# Data supplied

============

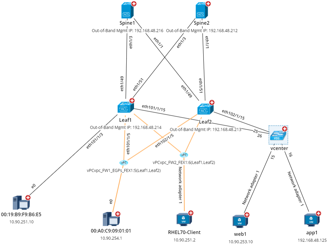 In the Network pane, you can view the network structure of an ACI Fabric in the Network Centric\Tenant View.
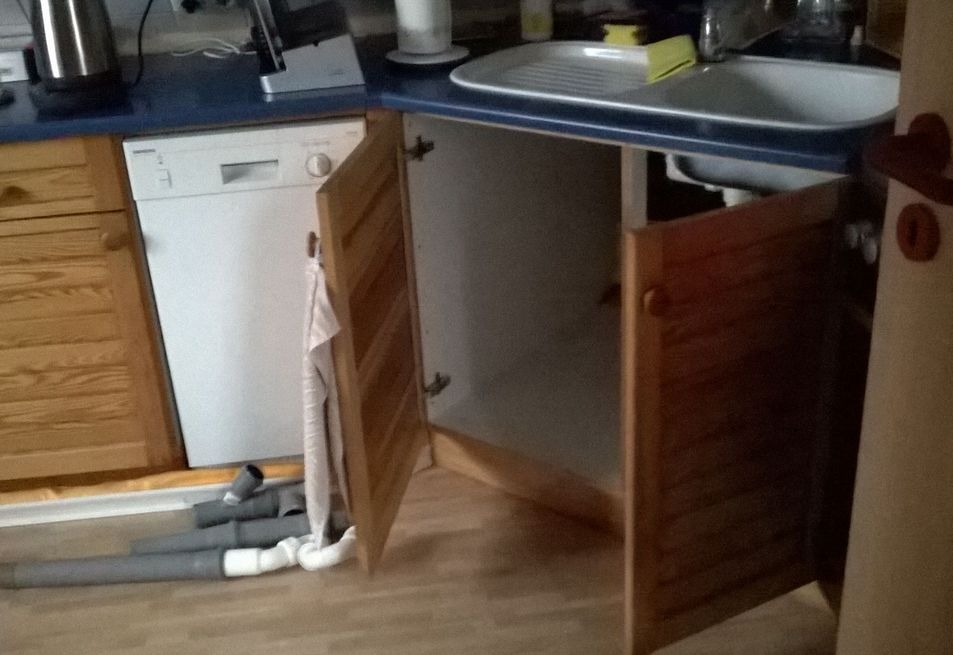Wie gewohnt war der Geschirrspüler voll gewesen und ich hatte diesen eingeschaltet. Während im Auto Heizlüfter und Föhn ihr Äußerstes zum Trocknen taten, saß ich in der Küche, weil von dort der Blick zum Auto am besten war und es Anfang Januar einfach kalt draußen ist. Ich wollte ja sehen, ob mein Auto statt abzusaufen möglicherweise nun abbrennt. Und plötzlich piepte es laut. Feuermelder-Fehlalarme kennt jeder – aber das Geräusch konnte ich zuerst überhaupt nicht zuordnen. Schließlich kam es von unten. Und ich hatte vergessen, dass ich den scheinbar überflüssigen Wassermelder (da Katze tot) an einer Stelle positioniert hatte, wo der Abwasser-Schlauch vom Geschirrspüler in der Wand verschwand. Der Anschluss war tief unter der Spüle und nur durch Kriechen zu erreichen. Während ich so über das Geräusch und dessen Ursprung sinnierte, sah ich einen kleinen Bach aus Dreck auftauchen, der unter dem Küchenholz hervor lief und sich freudig seinen Weg durch die Küche bahnte. Mit der Erinnerung meiner eigenen Wasser-Erlebnisse und der meiner Vermieterin schaffte ich es in Rekordzeit, die Pumpe des Geschirrspülers zu stoppen, unter die Spüle zu fliegen und alles an greifbaren Handtüchern auf den Boden zu werfen. Wie sich herausstellte, war der Abwasser-Schlauch zwar noch fest mittels der Manschette mit dem Stutzen verbunden, doch das Abwasser quoll überall an den Seiten heraus.
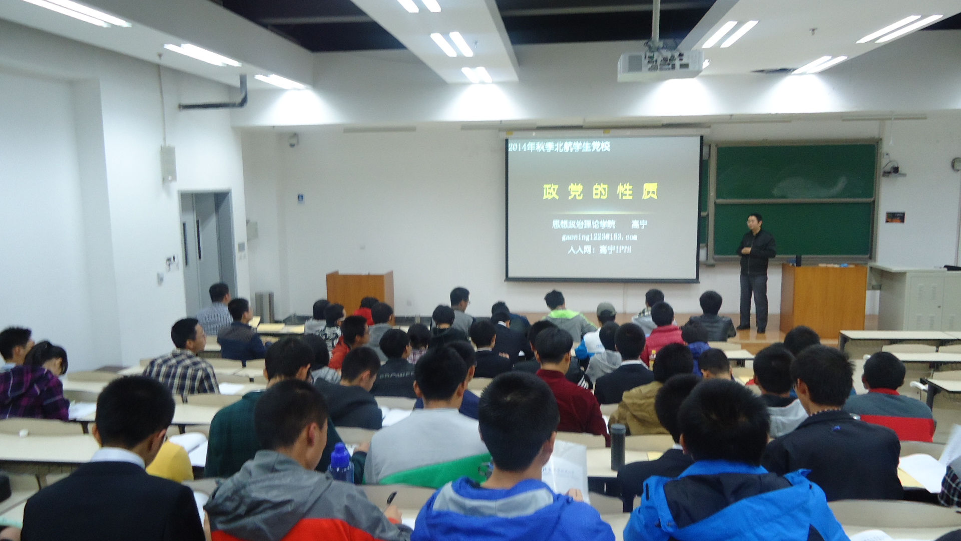 2014年11月5日晚18:30,必发bf88官网与新媒体艺术与设计学院第五期共建学生党校第一次党课在沙河校区教3-410教室顺利举行。本次党课邀请到了思想政治理论学院的高宁老师,高宁老师为我们讲授了题为《政党的性质》的精彩党课。
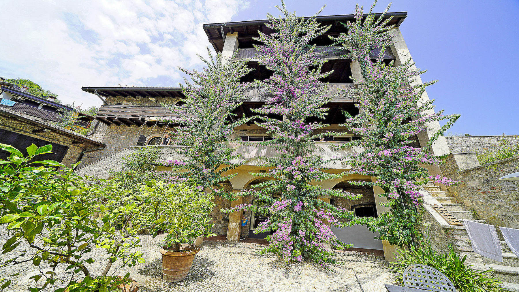 Gardone Riviera, Lago di Garda - In una delle frazioni del comune di Gardone Riviera, sorge un accogliente ed antico casale del 1500 con vista lago, completamente ristrutturato, composto da più unità immobiliari, che può essere adatto sia come abitazione principale, sia come b&b che può ospitare clienti da tutto il mondo, per godere delle meraviglie del Lago di Garda. La proprietà è ora divisa in appartamenti, che sono stati ristrutturati nel pieno rispetto della storicità della casa. Travi a vista, pavimenti di cotto fatti a mano, i vecchi pavimenti di larice oliato e gli infissi originali recuperati caratterizzano la loro struttura e autenticità. Ampie terrazze e balconi offrono vista lago ed un ambiente accogliente per i momenti di relax e pasti all’aperto. Il casale offre un ampio e curato giardino di 3.500mq con piscina. Sono presenti una varietà di alberi da frutto, tra i quali fichi, albicocche, kaki e uva. Lavanda e rosmarino incantano con il loro colore e profumo ed un terrazzino, sotto una pergola di vite americana, è attrezzato con barbecue. Questa proprietà, unica ed introvabile, è un ottimo investimento per chi sogna di vivere in una casa storica nella tranquillità che la circonda ed a pochi passi dal lago e dai principali servizi.
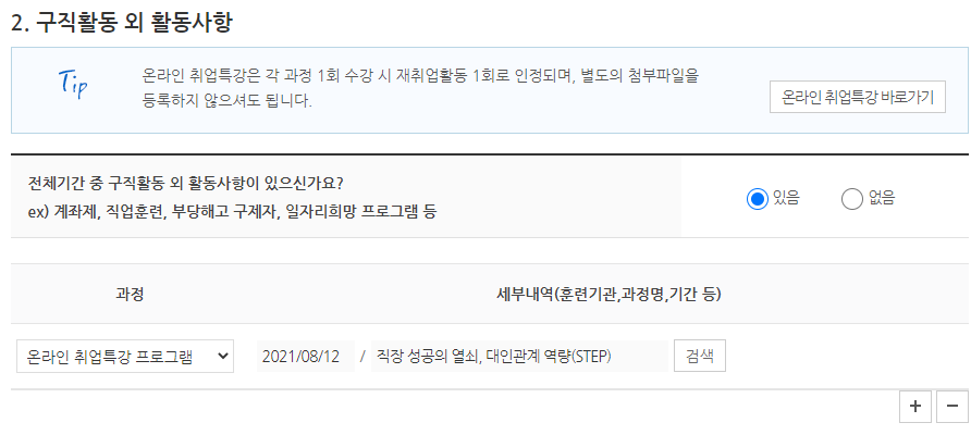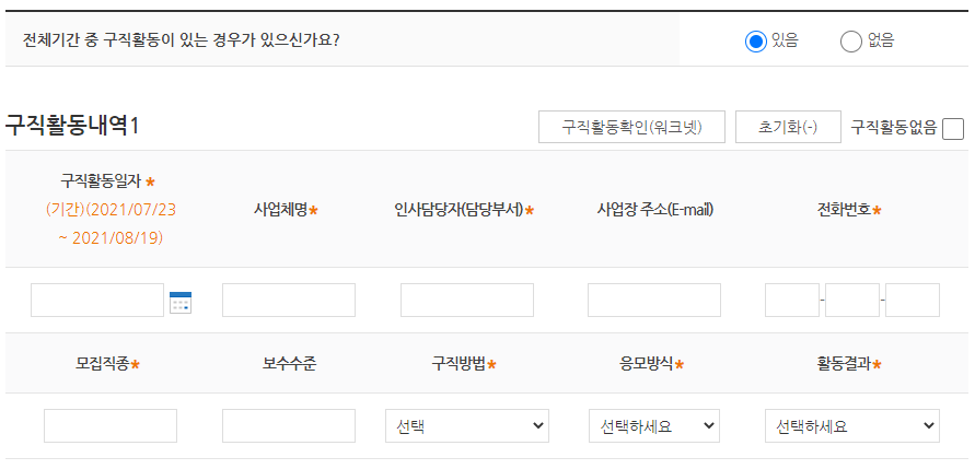 전체기간 중 구직활동이 있는 경우가 있으신가요? 무조건 1회 이상 있어야 하는거 아시죠?
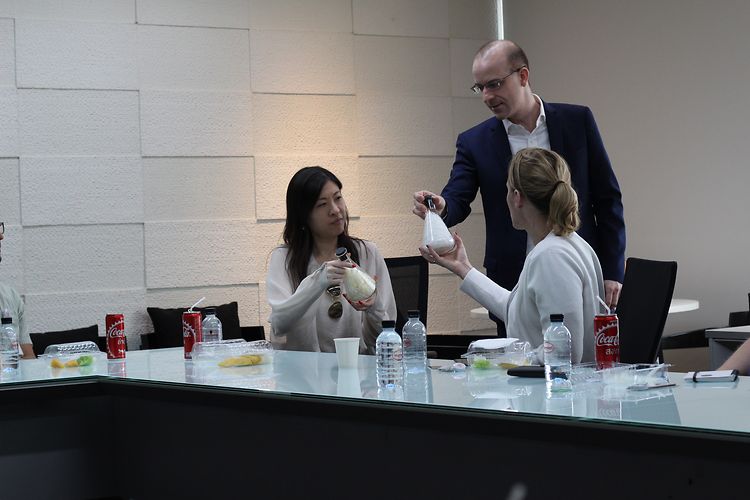 การเยี่ยมชมเริ่มต้นด้วยการแนะนำธุรกิจและการดำเนินงานของเฮงเค็ล โดยนายอีริค อีเดลแมน ประธานของเฮงเค็ล ประเทศไทย เพื่อให้นักศึกษาเข้าใจเกี่ยวกับกลุ่มธุรกิจกาวและผลิตภัณฑ์ของเรามากขึ้น โดยมีการจัดเตรียมตัวอย่างวัสดุให้นักศึกษาได้สัมผัสและส่งต่อกัน
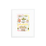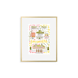 Elevate your wall decor with Evelyn Henson's whimsical watercolor map series, a vibrant collection boasting 250+ places and counting. Each print is a celebration of cherished locations, adorned with unique icons and landmarks that capture the essence of the place. Professionally printed in the USA, these prints mirror the original watercolor's charm, adding a burst of color and joy to your space. Choose a single print to commemorate a beloved locale and relive cherished memories, or create a gallery by displaying multiple prints to weave a visual narrative of your journeys. Transform your walls into a personalized showcase of meaningful places with these professionally crafted watercolor city map prints.
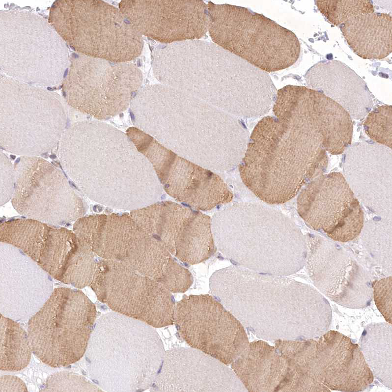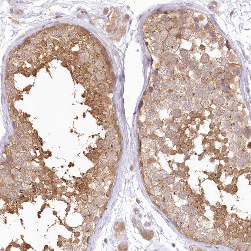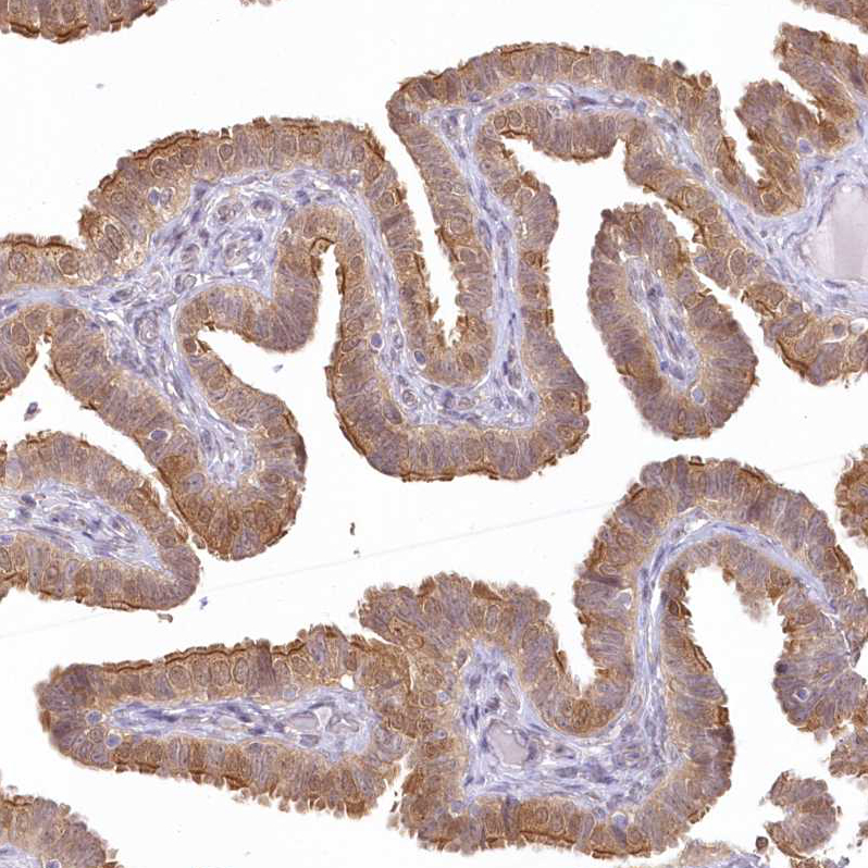 Immunohistochemical staining of human duodenum shows moderate cytoplasmic and membranous positivity in glandular cells.
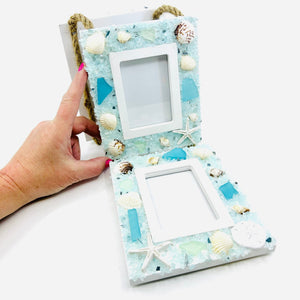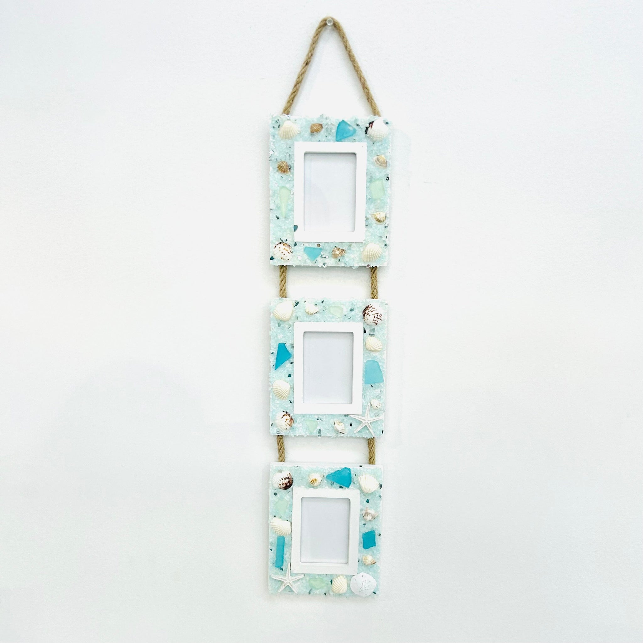 Enchant your home or office with this charming seaglass triple picture frame. It captures the unique serenity of the ocean with its coastal vibes, adding an inviting touch of beachy ambiance to any room. Its also a perfect gift for any beach lover!
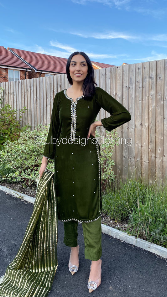 AMARA - 3 Piece Dark Green Velvet Suit with Organza Dupatta
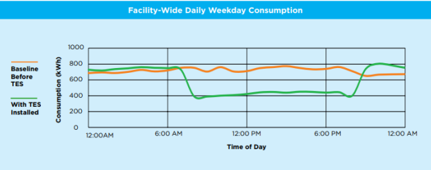 Dreisbach Enterprises公司冷凍食品配送中心在采用這種技術(shù)之后,工作日能源消耗下降了20%,M&V公司報告稱,為了給熱儲能設(shè)施充電,其非高峰期間的能耗增加了5%。
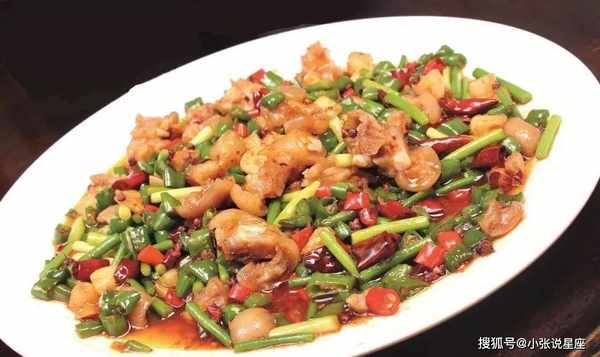 将油放入锅底,加热至50%热。加入干辣椒15克、姜蒜片10克、干花椒5克爆香。加入400克猪肉炒香。克(把油往前拉),青耳荆条段60克,红小米辣段25克,翻炒1分钟,佳美记鲜辣酱6克,盐4克,鸡粉3克,味精味精,拌匀后倒入藤椒5克油就出锅了。

============

# Task requirements
Everything above except the pictures needs to be reproduced exactly.

# Answer
 In the Network pane, you can view the network structure of an ACI Fabric in the Network Centric\Tenant View.
Wie gewohnt war der Geschirrspüler voll gewesen und ich hatte diesen eingeschaltet. Während im Auto Heizlüfter und Föhn ihr Äußerstes zum Trocknen taten, saß ich in der Küche, weil von dort der Blick zum Auto am besten war und es Anfang Januar einfach kalt draußen ist. Ich wollte ja sehen, ob mein Auto statt abzusaufen möglicherweise nun abbrennt. Und plötzlich piepte es laut. Feuermelder-Fehlalarme kennt jeder – aber das Geräusch konnte ich zuerst überhaupt nicht zuordnen. Schließlich kam es von unten. Und ich hatte vergessen, dass ich den scheinbar überflüssigen Wassermelder (da Katze tot) an einer Stelle positioniert hatte, wo der Abwasser-Schlauch vom Geschirrspüler in der Wand verschwand. Der Anschluss war tief unter der Spüle und nur durch Kriechen zu erreichen. Während ich so über das Geräusch und dessen Ursprung sinnierte, sah ich einen kleinen Bach aus Dreck auftauchen, der unter dem Küchenholz hervor lief und sich freudig seinen Weg durch die Küche bahnte. Mit der Erinnerung meiner eigenen Wasser-Erlebnisse und der meiner Vermieterin schaffte ich es in Rekordzeit, die Pumpe des Geschirrspülers zu stoppen, unter die Spüle zu fliegen und alles an greifbaren Handtüchern auf den Boden zu werfen. Wie sich herausstellte, war der Abwasser-Schlauch zwar noch fest mittels der Manschette mit dem Stutzen verbunden, doch das Abwasser quoll überall an den Seiten heraus.
 2014年11月5日晚18:30,必发bf88官网与新媒体艺术与设计学院第五期共建学生党校第一次党课在沙河校区教3-410教室顺利举行。本次党课邀请到了思想政治理论学院的高宁老师,高宁老师为我们讲授了题为《政党的性质》的精彩党课。
 Gardone Riviera, Lago di Garda - In una delle frazioni del comune di Gardone Riviera, sorge un accogliente ed antico casale del 1500 con vista lago, completamente ristrutturato, composto da più unità immobiliari, che può essere adatto sia come abitazione principale, sia come b&b che può ospitare clienti da tutto il mondo, per godere delle meraviglie del Lago di Garda. La proprietà è ora divisa in appartamenti, che sono stati ristrutturati nel pieno rispetto della storicità della casa. Travi a vista, pavimenti di cotto fatti a mano, i vecchi pavimenti di larice oliato e gli infissi originali recuperati caratterizzano la loro struttura e autenticità. Ampie terrazze e balconi offrono vista lago ed un ambiente accogliente per i momenti di relax e pasti all’aperto. Il casale offre un ampio e curato giardino di 3.500mq con piscina. Sono presenti una varietà di alberi da frutto, tra i quali fichi, albicocche, kaki e uva. Lavanda e rosmarino incantano con il loro colore e profumo ed un terrazzino, sotto una pergola di vite americana, è attrezzato con barbecue. Questa proprietà, unica ed introvabile, è un ottimo investimento per chi sogna di vivere in una casa storica nella tranquillità che la circonda ed a pochi passi dal lago e dai principali servizi.
 전체기간 중 구직활동이 있는 경우가 있으신가요? 무조건 1회 이상 있어야 하는거 아시죠?
 การเยี่ยมชมเริ่มต้นด้วยการแนะนำธุรกิจและการดำเนินงานของเฮงเค็ล โดยนายอีริค อีเดลแมน ประธานของเฮงเค็ล ประเทศไทย เพื่อให้นักศึกษาเข้าใจเกี่ยวกับกลุ่มธุรกิจกาวและผลิตภัณฑ์ของเรามากขึ้น โดยมีการจัดเตรียมตัวอย่างวัสดุให้นักศึกษาได้สัมผัสและส่งต่อกัน
 Elevate your wall decor with Evelyn Henson's whimsical watercolor map series, a vibrant collection boasting 250+ places and counting. Each print is a celebration of cherished locations, adorned with unique icons and landmarks that capture the essence of the place. Professionally printed in the USA, these prints mirror the original watercolor's charm, adding a burst of color and joy to your space. Choose a single print to commemorate a beloved locale and relive cherished memories, or create a gallery by displaying multiple prints to weave a visual narrative of your journeys. Transform your walls into a personalized showcase of meaningful places with these professionally crafted watercolor city map prints.
 Immunohistochemical staining of human duodenum shows moderate cytoplasmic and membranous positivity in glandular cells.
 Enchant your home or office with this charming seaglass triple picture frame. It captures the unique serenity of the ocean with its coastal vibes, adding an inviting touch of beachy ambiance to any room. Its also a perfect gift for any beach lover!
 AMARA - 3 Piece Dark Green Velvet Suit with Organza Dupatta
 Dreisbach Enterprises公司冷凍食品配送中心在采用這種技術(shù)之后,工作日能源消耗下降了20%,M&V公司報告稱,為了給熱儲能設(shè)施充電,其非高峰期間的能耗增加了5%。
 将油放入锅底,加热至50%热。加入干辣椒15克、姜蒜片10克、干花椒5克爆香。加入400克猪肉炒香。克(把油往前拉),青耳荆条段60克,红小米辣段25克,翻炒1分钟,佳美记鲜辣酱6克,盐4克,鸡粉3克,味精味精,拌匀后倒入藤椒5克油就出锅了。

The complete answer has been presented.